11. Confidentiality 

Company may disclose to Publisher certain information as a result of Publisher’s participation as part of the Program, which information Company considers to be confidential ("Confidential Information"). For purpose of this Agreement, the term "Confidential Information" shall include, but not be limited to, the terms of this Agreement (including pricing and Commission terms), business and financial information relating to Company, customer and vendor lists relating to Company and any members of the Publisher Program, other than Publisher. Confidential Information shall also include any information that Company designates as confidential during the term of this Agreement. Publisher agrees not to disclose any Confidential Information, and, except as otherwise allowed herein, Publisher shall not utilize, directly or indirectly, any Confidential Information for its own business purposes or for any other purpose -- except (and solely to the extent that) any such information is generally known or available to the public or is required to be disclosed by law or legal process. Company makes no warranty, expressed or implied, with respect to any Confidential Information delivered hereunder. The restrictions set forth in this Section 11 will remain in effect during the term of this Agreement for a period of three (3) years thereafter.

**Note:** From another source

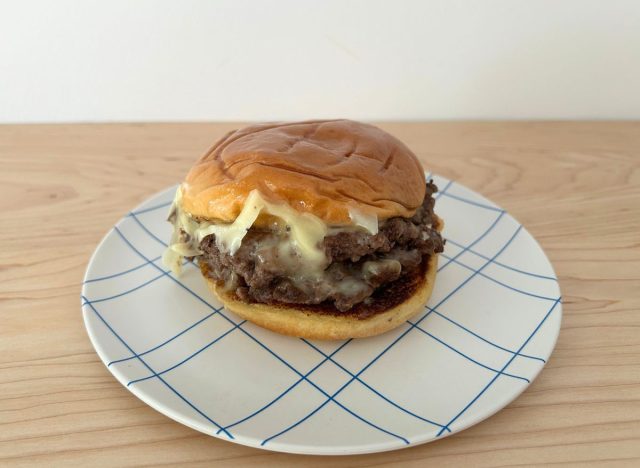 The CEO is the only burger on the menu that comes with the more expensive Wagyu beef by default. The patties are actually a blend of premium Wagyu cuts, so you know the chain is pegging this as one of its most elevated creations, and the price reflects this (it’s the most expensive burger on the menu). Besides that, the CEO included aged Swiss cheese, homemade candied bacon-tomato jam, and a garlic truffle aioli sauce on a potato bun. It cost $12.99.

Confidential Information shall not include information that: 

  1. i) at or prior to the time of disclosure by Company was known to or independently developed by Publisher, as proven by documentation in Publisher’s possession as of the time of Company’s disclosure; 
  2. ii) at or after the time of disclosure by Company becomes generally available to the public through no wrongful or negligent act or omission on Publisher’s part; 

iii) Publisher receives from a third party free to make such disclosure without breach of any legal obligation; and/or iv) is required to be disclosed pursuant to any statute, regulation, order, subpoena or document discovery request. 

12. Indemnification 

Publisher will indemnify, defend and hold harmless Company and its affiliates, and their respective shareholders, officers, directors, employees, consultants and agents from and against any and all claims, losses, liabilities, costs, charges and expenses, damages or expense (including reasonable attorneys’ fees and costs) of any nature whatsoever incurred or suffered by Company (collectively the "Losses"), which arise out of or are based on 

  1. i) any claim or threatened claim that Company’s use of the Publisher Trademarks infringes on the rights of any third party; 
  2. ii) the breach of any representation or warranty made by Publisher herein; 

iii) Publisher’s default under or breach of any provision of this Agreement; or 

  1. iv) any claim related to Publisher Website. 

13. Miscellaneous 

This Agreement will be governed by the laws of the United States of America and the State of Colorado, without reference to rules governing choice of laws. Publisher hereby consents to the exclusive jurisdiction and venue of the courts of Gunnison County, Colorado for all actions arising out of this Agreement, the Program, the Company Website, or any dispute between the parties hereto. Publisher may not assign this Agreement, by operation of law or otherwise, without Company’s prior written consent. Subject to that restriction, this Agreement will be binding on, inure to the benefit of, and enforceable against the parties and their respective successors and assigns. Company’s failure to enforce Publisher’s strict performance of any provision of this Agreement will not constitute a waiver of Company’s right subsequently to enforce such provision or any other provision of this Agreement. Notices to Company shall be sent by certified mail or overnight courier to the address below and shall be deemed made when received by Company. Except as set forth in Section 6 above, no change to or modification of this Agreement shall be binding upon Company unless it is made by an instrument signed by an authorized officer of such Company. In the event any provision of this Agreement is held to be invalid or unenforceable, the remaining provisions of this Agreement shall remain in full force and effect. Those provisions of this Agreement that are intended to survive termination shall so survive, and include provisions related to confidentiality, non-solicitation, indemnification, and dispute resolution.